Go for it, Brighton, you literally have nothing to lose.

“I like you. I like being around you. I’ve never been on a date, never kissed, never…anything.” That was one way to say I was a loner, loser virgin. “I guess I want to date but I don’t want to wear diapers.”

Edward threw his head back and chuckled. “That is not a problem for me. Like I said, I’ve had littles before, though it’s not my preference. And just for the record, I like you, too.”

Whoosh. It was like all the air left my lungs. “I donated the present you brought Stevie toToys for Tots.” Why I felt the need to bring that up during our conversation was unknown, but at least it was out there while my brain digested our conversation.

“Thank you. I understand why you didn’t accept the gift and I appreciate your honesty. Now, would it be too forward to ask if I could take you on an actual date?”

“It kinda felt like last Saturday ended up being one.”

“Agreed. How about a formal date? Dinner and a movie? Dinner and a walk in the park? Dinner and Christmas lights?” I perked up at the last option. “Ah, dinner and Christmas lights it is.” My stomach chose that moment to growl. I was stupidly excited this morning and forgot to eat. “But first, how about we order dinner?”

“Deal.” Edward went about ordering food, asked if I had any allergies or dislikes which I didn’t, and I wondered if this was what it meant to have a Daddy. That they made sure you were fed and taken care of, not that I couldn’t do that on my own. Like he said, it would be defined however we defined it if our relationship moved forward. Which I hoped it did.

Chapter Six

Edward

This was nice. No expectations, just two men getting to know each other over Thai. It had been years since I’d been on an actual date. The boys I’d had over the last decade I’d met through apps or at the club where our desired outcomes were pre-negotiated. Given how well thathadn’tworked out for me, this might be the better approach toward something real. Gods, how I wanted that.

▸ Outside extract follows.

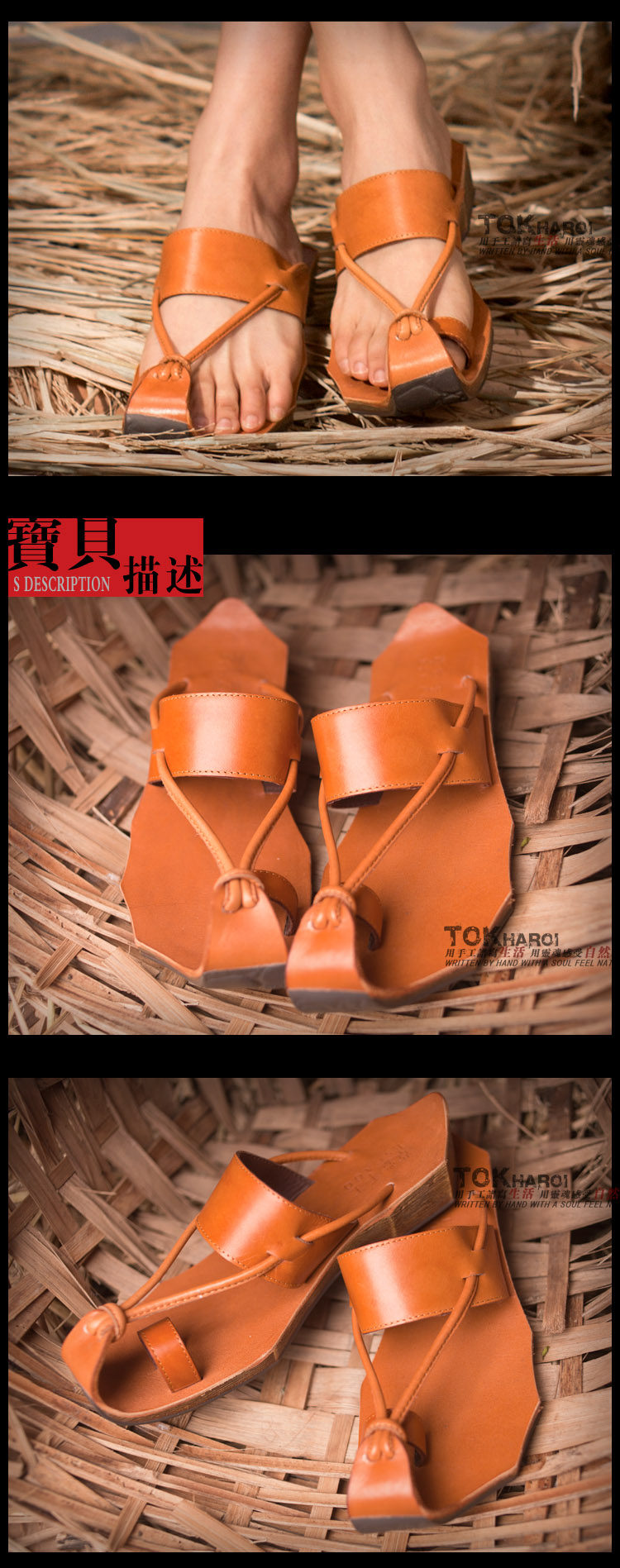 供應(26元)TOKharoi 手工 個性真皮拖鞋 舒適復古女鞋 特色 女涼拖鞋

“Food will be here in forty-five minutes.” Brighton was too cute, sitting cross-legged on the floor playing with the girls. They took to him immediately, I mean, how could they not? He was adorable, and sweet, and everything I hadn’t had in far too long. If ever.

Brighton giggled. “I am so in love with them.”

“I’m happy to hear that, sweet boy.” It just slipped out. He truly was a sweet boy but was new to all this as well as to me and the scary world of dating. Nurturing and praise came naturally to me, and I could literally sit here for hours to listen and watch Brighton play. “They seem quite fond of you, too.”

“I hope they like their new home. It will be nice to not be alone.” Brighton paused then resumed tossing the toy he had in hand. Had he regretted sharing that with me?

“Well, if you’ll allow me to be, I’d like to be around more.” Another pause, but I wasn’t about to let the opportunity pass me by. “Starting with taking you out on a proper date.”